Primary school students with backpacks

Grammar schools are state-based secondary schools in the UK. They are designed to identify students who show the potential to do well in school and place them in a group with like-minded students. The purpose of this is to avoid having to hold these children back because of other students who are not as academically driven as they are.

As a parent of a UK child, you may have some questions about grammar schools. Here are the answers to popular questions UK parents have about grammar schools.

1. When would my child be eligible to attend grammar school?

When your child reaches the last year of primary school they will have the opportunity to take an exam specifically to determine if they will be eligible to attend grammar school. This exam is known as the 11-plus exam because the children taking the exam will usually be around 11 years of age. There is not a standard 11-plus exam – the exam may differ in different regions. Those students who pass the exam could have the opportunity to attend a local grammar school. Those who do not meet the mark of the exam will simply move on to a comprehensive secondary school. It truly depends on the availability the grammar school has and the ideal students they are seeking to have attending their school. 
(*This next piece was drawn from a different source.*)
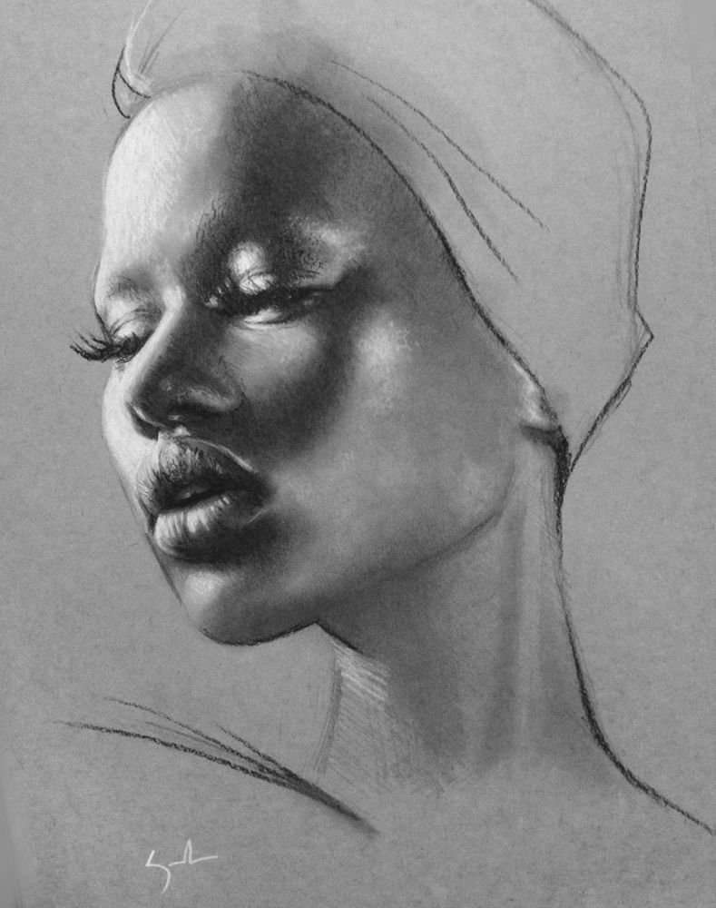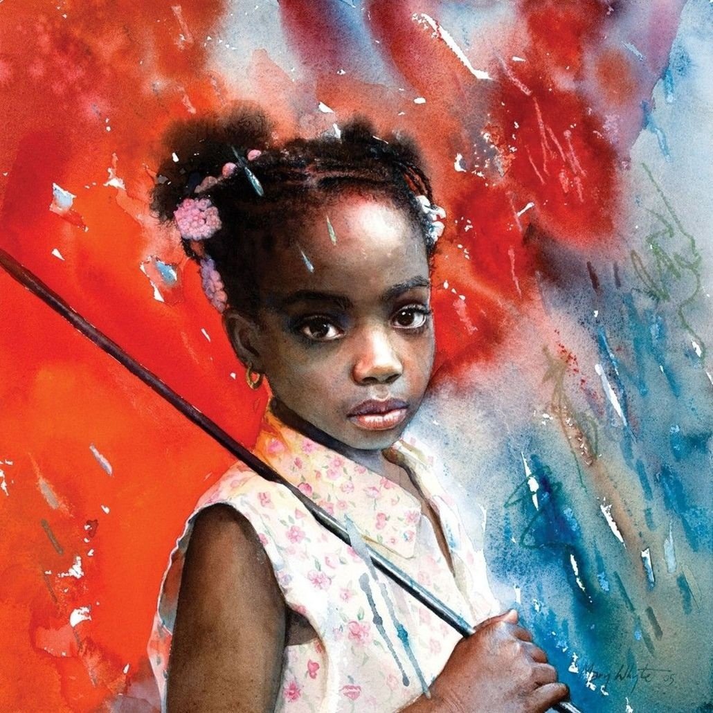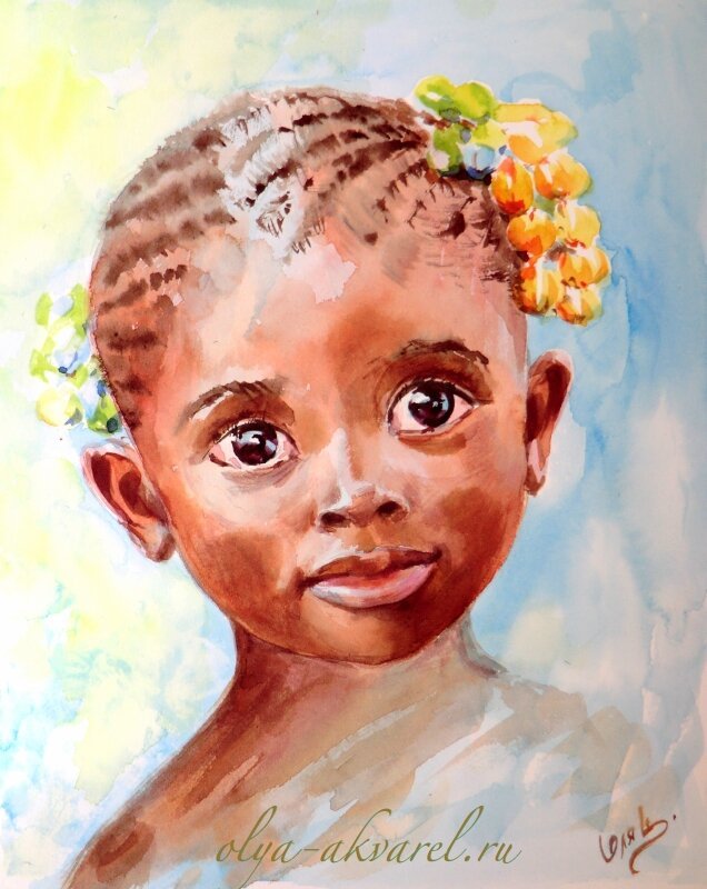 Портрет темнокожая акварель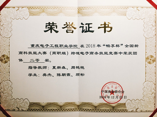 12月23日,2018年“畅享杯”全国新商科技能大赛(高职组)跨境电子商务技能竞赛全国总决赛在天津落下帷幕。大赛由中国商业联合会主办,天津轻工职业技术学院和中教畅享(北京)科技有限公司联合承办,来自全国各地的66所院校参赛队经过4个小时的激烈比拼,一决高下。最终,在夏新森、周艳艳两位老师的指导下,电子与物联网学院电子产品营销与服务专业2017级的龚杰、颜彬、陈朝霞三位同学荣获团体二等奖。

2. Will I need to contribute any funds for my child to attend grammar school?

Similar to if your child would attend any other school, (such as the comprehensive secondary school) grammar schools are funded based on funds allocated by the central government. Local authorities establish a formula (typically based on how many students are at each school) in order to distribute the funds adequately. Grammar schools may also ask parents for donations or yearly contributions towards the costs of trips and events organised by the school. This amount is usually minimal and the more children a parent has in the school, the less they pay.

3. What are the benefits of my child attending a grammar school versus the comprehensive secondary  school?

Historically, grammar schools  have identified students who are destined for further education. The school and education system  continually evolve and students are continually given additional opportunities to further their education. However, there are still additional benefits to students attending grammar schools instead of  comprehensive secondary schools. Even though there has been some controversy about whether or not grammar schools should continue to exist, (due to them separating children into different education classes) there are still great arguments for parents to send their children to grammar school. Children are placed in classes with students who have a similar skillset and have similar education goals. This provides your child with the opportunity to learn in a positive environment that supports their unique skill level and education goals.

Grammar schools are structured to set your child up for success and make the advancement to attending college/university in the future an easier transition. They are also said to provide opportunities for bright students from poor backgrounds to better their lot, because admission into these schools is based on academic performance and not external reasons.Statistics also show pupils that attended a grammar have a higher earning potential than pupils from comprehensive secondary schools.

 Grammar schools generally admit students of the same academic ability and lessons progress more effectively than at comprehensive secondary schools. League table reports show that grammar school pupils record better GCSE results and make greater progress at KS3 and KS4.

It is always important to do your research when it comes to anything involving your children. As a parent, you want what is best for your child and you want to make sure they are provided with as many opportunities as possible. If grammar school is what you feel may be best for your child, it is definitely something to look into and see if your child may be eligible to receive an invitation for a spot in your local grammar school.